__TASK DESCRIPTION__
Pictures aside, reproduce exactly and only the lines from the one containing "Монитором можно управлять" through the end of the records.

RECORD SET: Begin

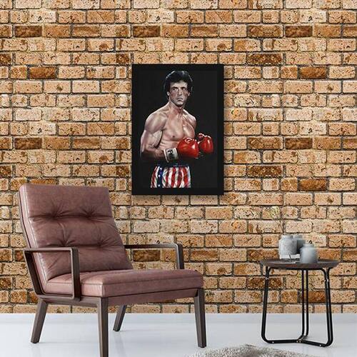 Quadro Decorativo Rocky Balboa Boxe - Tamanho: A4 (20 x 30) / Acabamento: Película de acetato / Moldura: Madeira preta
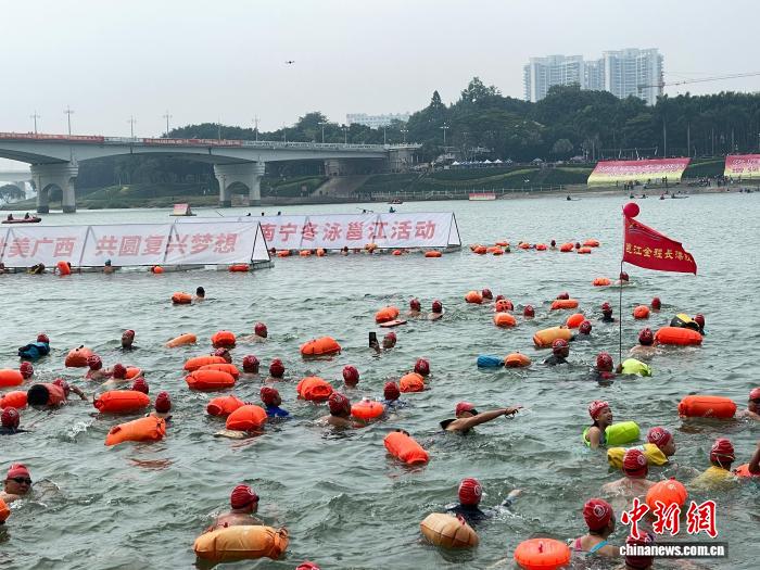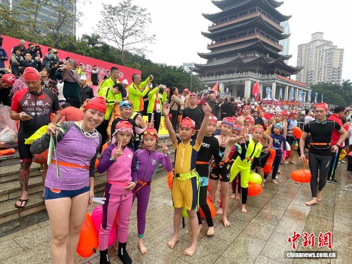 本次活动参与者年龄最小为4岁,最年长为86岁。现场随处可见家庭同行、朋友结伴,不少人头戴红色泳帽或佩戴新年饰品,为新年的邕江增添了一抹亮色。
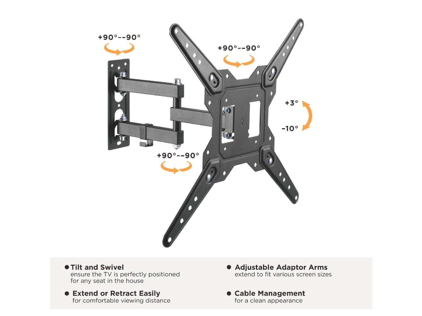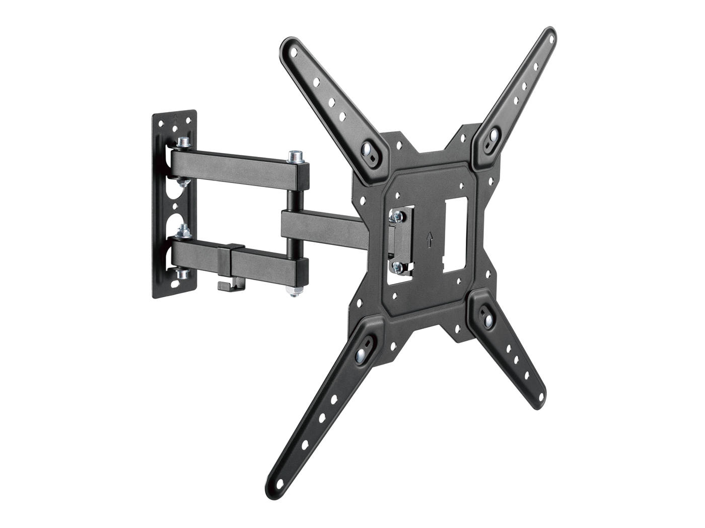 Equip 23"-55" Vollbewegliche TV-Wandhalterung. Diese vielseitige Halterung ist für Fernseher von 23 bis 55 Zoll konzipiert und bietet eine flexible Lösung für Ihre Betrachtungsbedürfnisse. Die vollbeweglichen Funktionen ermöglichen es Ihnen, Ihren Fernseher zu schwenken, zu neigen und auszufahren, um den perfekten Winkel zu gewährleisten und Blendungen zu reduzieren, sodass Sie von jedem Platz im Raum optimalen Genuss haben.
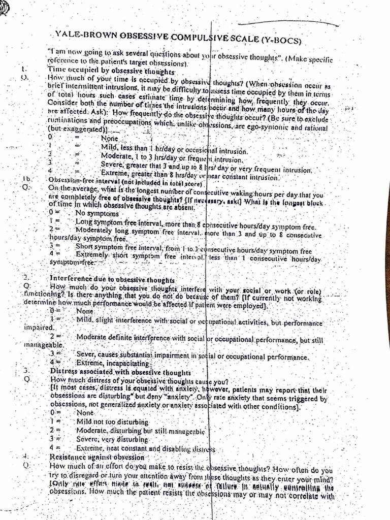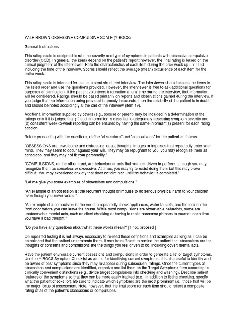 04 Y BOCS w Checklist | Obsessive–Compulsive Disorder | Psychiatric ...
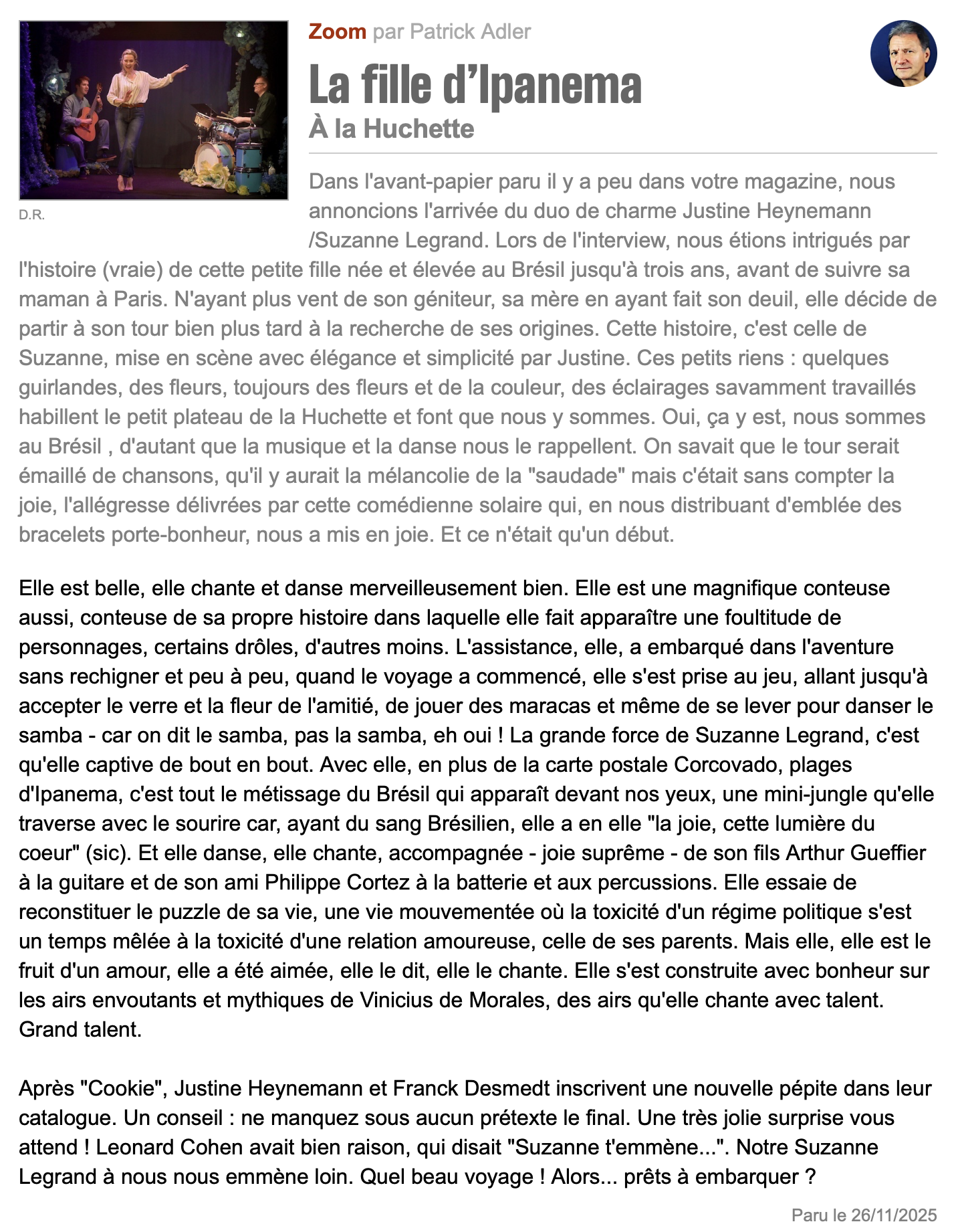 - Avec : Suzanne LEGRAND, Arthur GUEYFFIER, Philippe CORTEZ
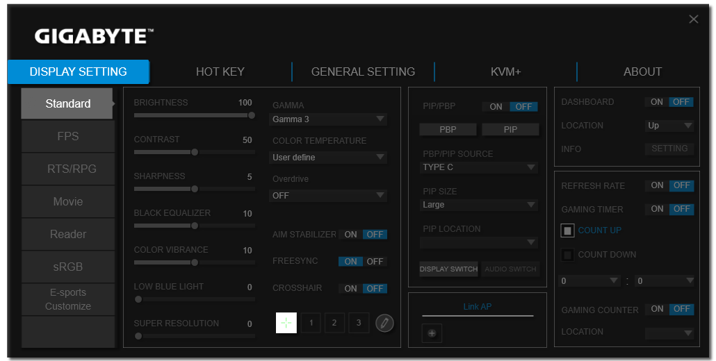 Монитором можно управлять с ПК с помощью фирменного ПО OSD Sidekick. Кроме настроек, доступных из меню монитора, в OSD Sidekick можно сохранять/загружать профили, редактировать форму перекрестия прицела, задавать клавиатурные сокращения, настраивать и переключать KVM и обновлять микропрограмму монитора. Только при запущенной OSD Sidekick на монитор выводятся данные на панель Dashboard. И именно в OSD Sidekick задаются клавиатурные сокращения, которым пользователь может увеличивать и уменьшать значение пользовательского счетчика. Что им полезно будет считать — зависит от игры.
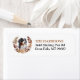 O lado esquerdo destas etiquetas de endereço de retorno apresenta um retrato de um Cão de Montanha Bernês. A imagem é fechada dentro de uma bonito coroa floral e foliar de outono em tons de marrom, bronzeado e creme. Seu texto personalizado está em preto e marrom-ouro à direita.
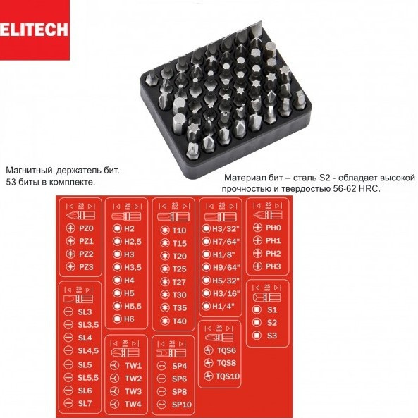 Отвертка с магнитным наконечником, с многопрофильным набором бит длиной 25 мм из хромованадиевой стали (CrV). 53 биты: 8шт. slotted:3,3.5, 4,4.5, 5,5.5, 6,7 мм 4шт. pozi:pz0 ,pz1,pz2,pz3 4шт. phillips:ph0,ph1,ph2,ph3 8шт. metric hex:H2,H2.5,H3,H3.5, H4,H5,H5.5,H6 мм 7шт. SAE hex:H3/32'',H7/64'',H1/8'',H9/64'', H5/32'',H3/16'',H1/4''. 8шт. torx:T10,T15,T20,T25,T27,T30,T35,T40 4шт. spanner:4, 6, 8, 10 4шт. tri-wing:1, 2, 3, 4 3шт. torq:6, 8, 10 3шт. square:S1,S2,S3

RECORD SET: End

__SOLUTION TO THE EXERCISE__
 Монитором можно управлять с ПК с помощью фирменного ПО OSD Sidekick. Кроме настроек, доступных из меню монитора, в OSD Sidekick можно сохранять/загружать профили, редактировать форму перекрестия прицела, задавать клавиатурные сокращения, настраивать и переключать KVM и обновлять микропрограмму монитора. Только при запущенной OSD Sidekick на монитор выводятся данные на панель Dashboard. И именно в OSD Sidekick задаются клавиатурные сокращения, которым пользователь может увеличивать и уменьшать значение пользовательского счетчика. Что им полезно будет считать — зависит от игры.
 O lado esquerdo destas etiquetas de endereço de retorno apresenta um retrato de um Cão de Montanha Bernês. A imagem é fechada dentro de uma bonito coroa floral e foliar de outono em tons de marrom, bronzeado e creme. Seu texto personalizado está em preto e marrom-ouro à direita.
 Отвертка с магнитным наконечником, с многопрофильным набором бит длиной 25 мм из хромованадиевой стали (CrV). 53 биты: 8шт. slotted:3,3.5, 4,4.5, 5,5.5, 6,7 мм 4шт. pozi:pz0 ,pz1,pz2,pz3 4шт. phillips:ph0,ph1,ph2,ph3 8шт. metric hex:H2,H2.5,H3,H3.5, H4,H5,H5.5,H6 мм 7шт. SAE hex:H3/32'',H7/64'',H1/8'',H9/64'', H5/32'',H3/16'',H1/4''. 8шт. torx:T10,T15,T20,T25,T27,T30,T35,T40 4шт. spanner:4, 6, 8, 10 4шт. tri-wing:1, 2, 3, 4 3шт. torq:6, 8, 10 3шт. square:S1,S2,S3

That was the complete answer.